**Directions**:
Images should be omitted while the rest of the data is duplicated exactly.

**Data below**:
┄┄┄┄┄┄┄┄┄┄

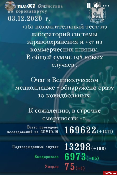 198 человек заразились коронавирусной инфекцией за прошедшие сутки в Псковской области. За все время пандемии в регионе COVID-19 подтвердили у 13298 человек, сообщил в своем Instagram-аккаунте губернатор Михаил Ведерников.
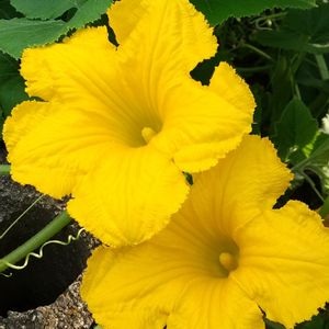 カボチャの花 雄花がいっぱい咲いています。 雌花は見当たりません😂 果たしてカボチャが出来てくれるのかどうか~?
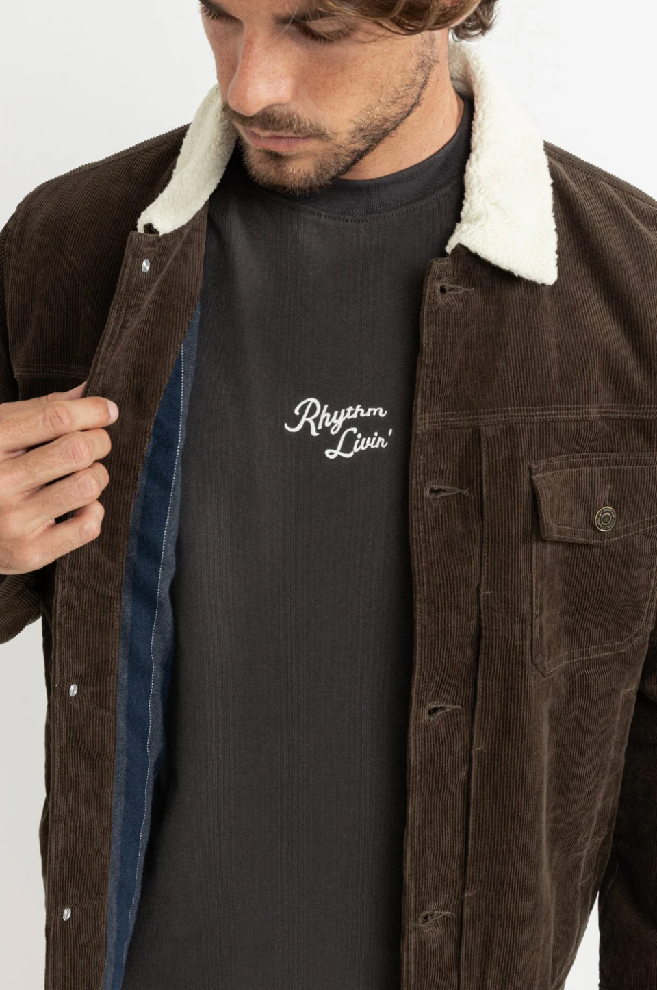 Built for warmth and durability, the Flannel Lined Cord Trucker in Chocolate is crafted with a soft corduroy shell and a cozy blanket lining. A sherpa collar adds extra warmth, while metal shank closures, welt hand pockets, and internal storage pockets bring utility to this rugged yet refined layer.

┄┄┄┄┄┄┄┄┄┄

**Finished exercise**:
 198 человек заразились коронавирусной инфекцией за прошедшие сутки в Псковской области. За все время пандемии в регионе COVID-19 подтвердили у 13298 человек, сообщил в своем Instagram-аккаунте губернатор Михаил Ведерников.
 カボチャの花 雄花がいっぱい咲いています。 雌花は見当たりません😂 果たしてカボチャが出来てくれるのかどうか~?
 Built for warmth and durability, the Flannel Lined Cord Trucker in Chocolate is crafted with a soft corduroy shell and a cozy blanket lining. A sherpa collar adds extra warmth, while metal shank closures, welt hand pockets, and internal storage pockets bring utility to this rugged yet refined layer.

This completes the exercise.